Even though I'm physically bigger than my dad, he was just an animal back in the days. He and his friends would fight at school against other rivals (just think of the cliche Japanese school fights, etc...)

I bench well above 400+lbs, been in athletics mostly my middle and high school years, did some martial arts training when I was younger, and still i will not win. loooooooooool.


----------



## ensoriki (Mar 6, 2011)

I never lose.


----------



## Stunna (Mar 6, 2011)

"MY DAD'S STRONGER THAN YOUR DAD."

Anyway, I'm 14, and he'd be in his 20's... yeah, I win.

We're bloodlusted.

I take his twelve gauge and waste his butt.


----------



## Geralt of Rivia (Mar 6, 2011)

Yeah, I'm 20 and I don't have a lot of fight experience, my dad was a pro soccer player and regularly brawled, fist first talk later kind of guy (before), plus he was serving in the army, so I'm fairly certain he would fuck my shit up.


----------



## Nikushimi (Mar 6, 2011)

Give me a few years to actually get to my prime first. 

All I really know about my dad is the stuff he's told me, and a lot of it just sounds like bragging. I guess if I took him at his word, he'd probably win; he apparently took karate lessons and participated in competitions/tournaments/whatever you want to call them when he was in college, whereas I took Tae Kwon Do when I was in elementary school and was pulled out after a few years because I spent more time doing knuckle push-ups as punishment for misbehaving than actually learning anything. My dad also did lots of back-breaking labor to earn his living when he was younger...so he was probably in better shape than me, too. And taller. 

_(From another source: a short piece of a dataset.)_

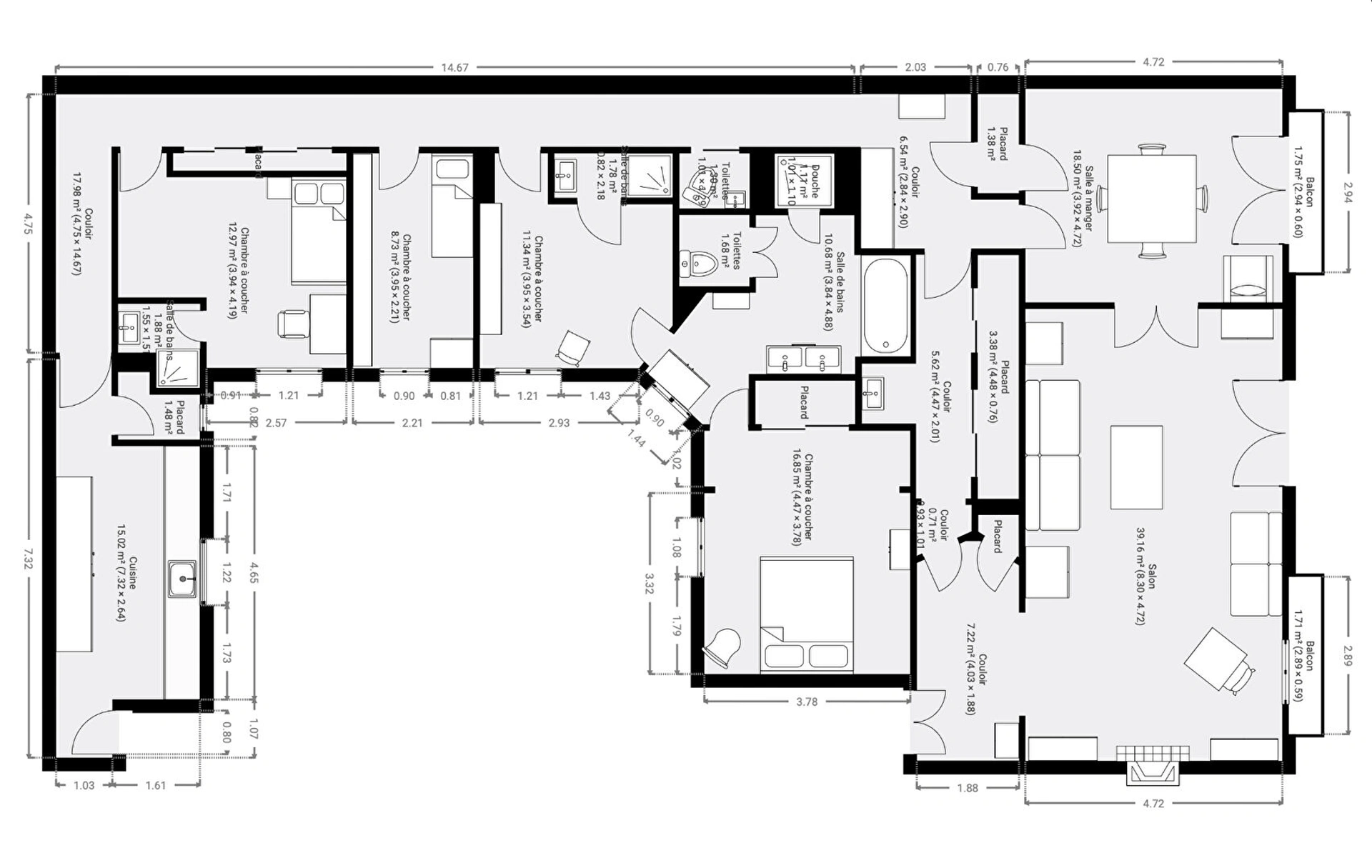 4 belles chambres dont une suite parentale de 18m2 avec salle de bains (baignoire et douche à l'italienne plus WC) auxquelles s'ajoutent une buanderie, un dressing, deux autres salles de douche et des toilettes invités.
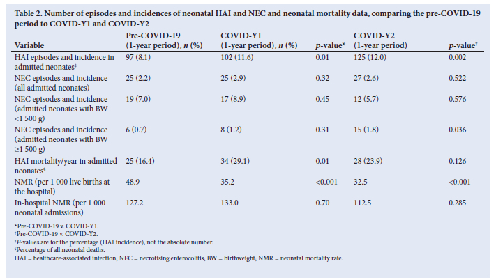 This research formed part of the Tshwane Maternal-Child COVID-19 study. All neonates admitted to the Steve Biko Academic Hospital neonatal unit were included in this study. This tertiary neonatal unit provides medical and surgical care to neonates from Tshwane and surrounding provinces. The neonatal unit consists of 39 beds, which include 10 neonatal intensive care beds; however, this unit is usually full to above capacity. For this study, 'pre-COVID-19' refers to April 2019 - March 2020, 'COVID-year-1' (COVID-Y1) to April 2020 - March 2021, and 'COVID-year-2' (COVID-Y2) to April 2021 - March 2022. Data for the neonatal unit were extracted from its database, while outpatient information was obtained from the outpatient register.

However, I'm by far more clever/devious than he is/was. If we're not bloodlusted, I can see myself taking advantage of him psychologically and using underhanded tactics to win. Than again, I'd have the advantage when it comes to that kind of thing anyway, since I know everything he's told me and he wouldn't know anything about me at that point in time, since I wasn't born yet.


----------



## Kurou (Mar 6, 2011)

I could kick your dads ass.


----------



## Deer_Hunter_ (Mar 7, 2011)

Wow, were are you all from? I feel really surprised because everyone's dads were military officers or stuff.. It's kinda odd, here in Mexico military service is some sort of obligatory but everyone gives a shit in the end...

About the match up, I've heard stories from my aunts an uncles that my dad used to be one of the most respected guys in his slump... Having street fights against "bad-guys" who bullied my uncles... I guess his prime would be arround 25 maybe... However he became more like a science man so I could take some advantage in his pacifism... Even if I'm 20 cm bigger than him I guess he would still stomp me effortesly


----------



## Sengoku (Mar 7, 2011)

I would like to see my dad and my grandpa go at it. Although the latter would probably win since my grandma always brags how athletic my grandpa was (dancing, fighting, swimming...).


----------



## iander (Mar 7, 2011)

My dad was never in the military (in fact was a pacifist draft dodger) and never did martial arts but he is incredibly fit and muscular.  He has a large height advantage (6'4'' vs my 5'8''), he is stronger (due to weight lifting), has more stamina, and more experience in fights (he lived in a rough neighborhood).  The only advantages I have are speed, agility, and coordination (hes always had bad hand eye coordination).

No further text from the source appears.